History

Nazi Germany
- Name: U-3001
- Ordered: 6 November 1943
- Builder: AG Weser, Bremen
- Yard number: 1160
- Laid down: 15 April 1944
- Launched: 30 May 1944
- Commissioned: 20 July 1944
- Fate: Scuttled on 3 May 1945

General characteristics
- Class & type: Type XXI submarine
- Displacement: 1,621 t (1,595 long tons) surfaced; 1,819 t (1,790 long tons) submerged;
- Length: 76.70 m (251 ft 8 in) (o/a); 60.50 m (198 ft 6 in) (p/h);
- Beam: 8 m (26 ft 3 in) (o/a); 5.3 m (17 ft 5 in) (p/h);
- Height: 11.30 m (37 ft 1 in)
- Draught: 6.32 m (20 ft 9 in)
- Installed power: 4,000 PS (2,900 kW; 3,900 shp) (diesel drive); 5,000 PS (3,700 kW; 4,900 shp) (standard electric drive); 226 PS (166 kW; 223 shp) (silent electric drive);
- Propulsion: Diesel/Electric; 2 × MAN M6V40/46KBB supercharged 6-cylinder diesel engines ; 2 × SSW GU365/30 double-acting electric motors ; 2 × SSW GV232/28 silent running electric motors;
- Speed: Surfaced:; 15.6 knots (28.9 km/h; 18.0 mph) (diesel); 17.9 knots (33.2 km/h; 20.6 mph) (electric); Submerged:; 17.2 knots (31.9 km/h; 19.8 mph) (electric); 6.1 knots (11.3 km/h; 7.0 mph) (silent running motors);
- Range: 15,500 nmi (28,700 km; 17,800 mi) at 10 knots (19 km/h; 12 mph) surfaced; 340 nmi (630 km; 390 mi) at 5 knots (9.3 km/h; 5.8 mph) submerged;
- Test depth: 280 m (920 ft)
- Complement: 57–60 crewmen
- Sensors & processing systems: Type F432 D2 Radar Transmitter; FuMB Ant 3 Bali Radar Detector;
- Armament: 6 × bow torpedo tubes; 23 × 53.3 cm (21 in) torpedoes or 17 × torpedoes and 12 × TMC mines; 4 × 2 cm (0.8 in) AA guns or; 4 × 3.7 cm (1.5 in) AA guns;

Service record
- Part of: 32nd U-boat Flotilla; 20 July – 14 August 1944; 4th U-boat Flotilla; 15 August – 26 November 1944; 6th Warship Construction Training Division; 27 November 1944 – 3 May 1945;
- Identification codes: M 40 564
- Commanders: Oblt.z.S. Hans Vogel; 20 July – 26 November 1944; Kptlt. Wilhelm Peters; April – 3 May 1945;
- Operations: None
- Victories: None

= German submarine U-3001 =

German World War II submarine

German submarine U-3001 was a Type XXI U-boat (one of the "Elektroboote") of Nazi Germany's Kriegsmarine, built for service in World War II. She was ordered on 6 November 1943, and was laid down on 15 April 1944 at AG Weser, Bremen as yard number 1160. She was launched on 30 May 1944, and commissioned under the command of Oberleutnant zur See Hans Vogel on 20 July 1944.

==Design==
Like all Type XXI U-boats, U-3001 had a displacement of 1621 t when at the surface and 1819 t while submerged. She had a total length of 76.70 m (o/a), a beam of 8 m, and a draught of 6.32 m. The submarine was powered by two MAN SE supercharged six-cylinder M6V40/46KBB diesel engines each providing 4000 PS, two Siemens-Schuckert GU365/30 double-acting electric motors each providing 5000 PS, and two Siemens-Schuckert silent running GV232/28 electric motors each providing 226 PS.

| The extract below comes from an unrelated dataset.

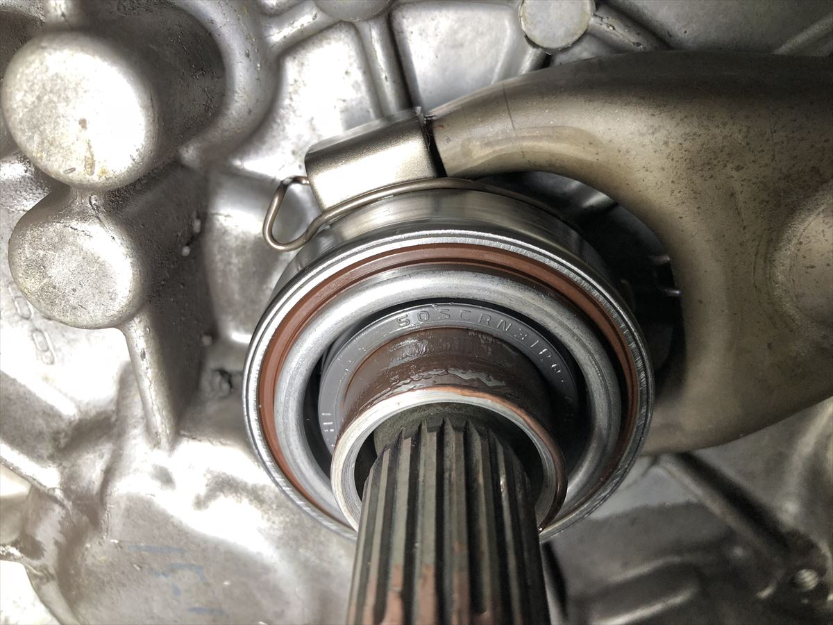 合わせてレリーズベアリングも新品に交換します。ベアリングからはシャラシャラと音が出始めていたので、ちょうど交換時期でした。

The submarine had a maximum surface speed of 15.6 kn and a submerged speed of 17.2 kn. When running on silent motors the boat could operate at a speed of 6.1 kn. When submerged, the boat could operate at 5 kn for 340 nmi; when surfaced, she could travel 15500 nmi at 10 kn. U-3001 was fitted with six 53.3 cm torpedo tubes in the bow and four 2 cm C/30 anti-aircraft guns. She could carry twenty-three torpedoes or seventeen torpedoes and twelve mines. The complement was five officers and fifty-two men.

==Fate==
U-3001 was scuttled on 3 May 1945, northwest of Wesermünde, as part of Operation Regenbogen. The wreck was later raised and broken up.